Intricacies of Collins' Parsing Model

Daniel Bikel 2004

ACM. Volume 30, Issue 4 (December 2004), pp 479-511.

Daniel Bikel provides a detailed analysis of Collins' parser, which provides some insight into which aspects of its decomposition are most beneficial to performance. This analysis is based upon a flexible re-implementation of Collins' parser, which can be used to turn various features of Collins' parser on and off, and to tweak them in different ways. Bikel evaluates the impact of individual features of Collins' parser by looking at how performance changes when those features are turned off in different combinations.

Bikel begins by describing a large number of previously unpublished details. Although these details have a significant joint effect on the parser's performance (11% error reduction), their individual contributions are relatively small.

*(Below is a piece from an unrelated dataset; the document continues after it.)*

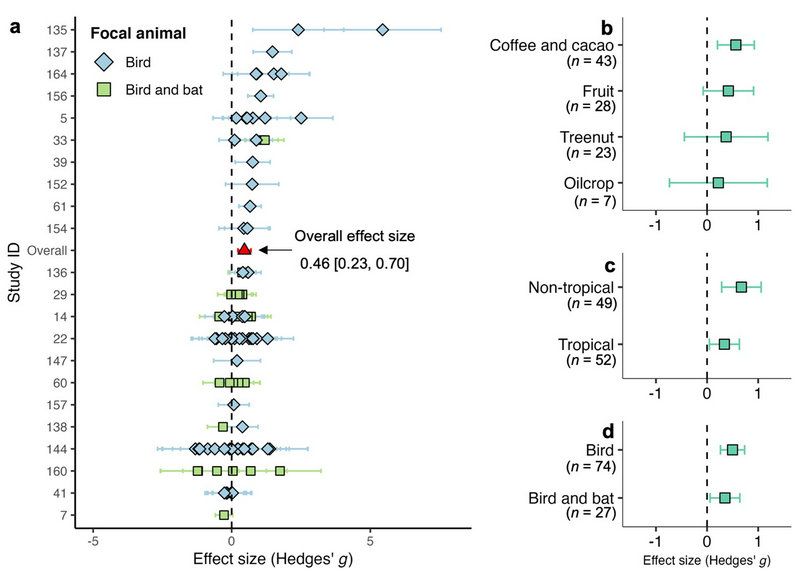 圖2 鳥類對木本作物產量的影響。(a)鳥類對農作物產量的影響;(b)不同食物類型間差異;(c)在不同氣候帶之間的差異;(d)不同目標類群之間的差異。

He then analyzes the effect of three features thought to be important to the performance of Collins' parser: bi-lexical dependencies, choice of lexical head words, and lexico-structural dependencies. Somewhat surprisingly, he finds that the performance drop caused by omitting bi-lexical dependencies is relatively minor. He explains this small drop by showing that the bi-lexical dependencies seen in a new sentence are almost never present in the training corpus; in other words, the training corpus is too small for these very sparse features to be much help. Bikel also finds that the the head-choice heuristics do not have a major impact on performance. However, he finds that the use of lexico-structural dependencies (i.e., dependencies between a lexical word and a structural configuration) is quite important. Unlike bi-lexical dependencies, these lexico-structural dependencies are associated with enough training data to make them useful for evaluating novel sentences. And as has been shown before, lexical information is often important in making structural decisions, such as the decision of whether a prepositional phrase should attach at the verb phrase or noun phrase level.

Further notes


Dan Bikel explores some of the details of Collins' Parsing model that were not explicitly mentioned in Collins' thesis, but that nevertheless contributed significantly to the parser's performance. This article also serves as a fairly compact description of Collins' parsing model.

My interest in this article is basically in what it says about how the parsing problem should be broken down into individual models, and what effects those models have. This includes preprocessing steps that transform the tree.


Collins' model performs 11 preprocessing steps. These steps are detailed in the paper, but it's worth noting a couple of them. First, base NPs are treated specially (here and elsewhere). They are tagged with a special new tag (NPB), which is sometimes inserted as a new node, and sometimes modified from an existing NP mode. Also, certain arguments are labeled as 'arguments'; gerund clauses are given a special node; traces are stripped; and punctuation is removed or raised.

Another important preprocessing step is the head-raising, which gives us a lexicalized tree.

Generative Model

This part (section 5) describes how the tree is broken up into 'independant' pieces to yield a generative model. Generation works as follows:

  1. Given a node, generate its head child.

    1. For the root of the tree, first generate the root label and its part of speech (POS); then generate the root's head word, given its label and POS. [sec 5.9]
    2. For all other nodes, copy the POS & head word from the parent; and generate the label based on the parent label, head word, and POS. [sec 5.1]
  2. Given a node with a head child, generate its subcat class. Separate left and right subcat frames are generated, conditioned on the head label, the parent label, the head word, and the head POS. A subcat frame is a multiset of labels, taken from a small set (NP-A, S-A, etc).

etc. I'm not going to spell this all out right now, until I know how it will be relevant to my work. See the paper for more details.